Можно ли такъ болѣе сжато и кратче выразить эту душевную сумятицу, этотъ звонъ въ ушахъ, этотъ голосъ совѣсти, кричащей на весь домъ: «Гламисъ зарѣзалъ сонъ.»
Можетъ быть, иной читатель, прочтя намъ разборъ книги г. Гервинуса, усумнится въ томъ: стоило ли ее переводить? О, безъ сомнѣнiя стоило. Запутанность основныхъ воззрѣнiй г. Гервинуса нисколько не помѣшала ему прекрасно выяснить нѣкоторыя частности, объ одной изъ которыхъ мы уже упоминали. Читатель, кромѣ того, найдетъ много прекрасныхъ подробностей (мы говоримъ теперь только о вышедшемъ порусски томѣ) о состоянiи сцены шекспировское время, весьма тонкiя замѣчанiя о томъ, какъ слѣдуетъ играть комедiю, о томъ, какъ молодой веронскiй дворянинъ Петрукiо укротилъ «злючку» Катерину (Taming of the shrew) и т. д.
Переводъ г. Тимофеева вообще очень удовлетворителенъ; жалъ только, что онъ не посовѣтовался съ кѣмъ нибудь изъ знающихъ англiйскiй языкъ.

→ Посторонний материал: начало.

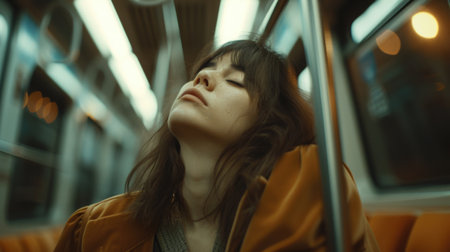 Portrait of a tired student girl sleeping on public transport, close-up. A woman who fell asleep at the window in a subway car. A passenger sleeping at the window of the train

Тогда бы у него Робинъ Добрый-Малый такъ и назывался, а не Робиномъ Гудфеллоу, и ткачь Основа (Botom) не носилъ бы нѣмецкаго прозвища Цеттеля. Но еще не простительнѣе, не зная подлинника, переводить цѣлую сцену изъ «Сна въ лѣтнюю ночь», тѣмъ болѣе, что эту сцену можно было бы взять изъ оригинальнаго по прiему, но вѣрнаго по духу (и даже буквально вѣрнаго) перевода г. Ап. Григорьева. Или г. Тимофеевъ испугался подобно одному критику, что переводъ г. Григорьева сдѣланъ слишкомъ порусски, но вѣдь чисто порусски и хорошими стихами (а стиховъ г. Тимофеева нельзя читать вслухъ) и надо переводить Шекспира. «Любовь въ бездѣйствiи» порусски ничего не значитъ. «Love-inidleness» можно и должно перевести въ нѣкоторыхъ мѣстахъ «приворотной травой», а въ другихъ назвать этотъ цвѣтокъ «любовью отъ бездѣлья» или «отъ нечего дѣлать». Предлогъ «in» очевидно смутилъ г. Тимофеева. Цѣна чудовищная: выпускъ въ 5 листовъ 50 коп. Положимъ, что изданiе довольно опрятно, но вѣдь это переводъ, а не оригинальное сочиненiе.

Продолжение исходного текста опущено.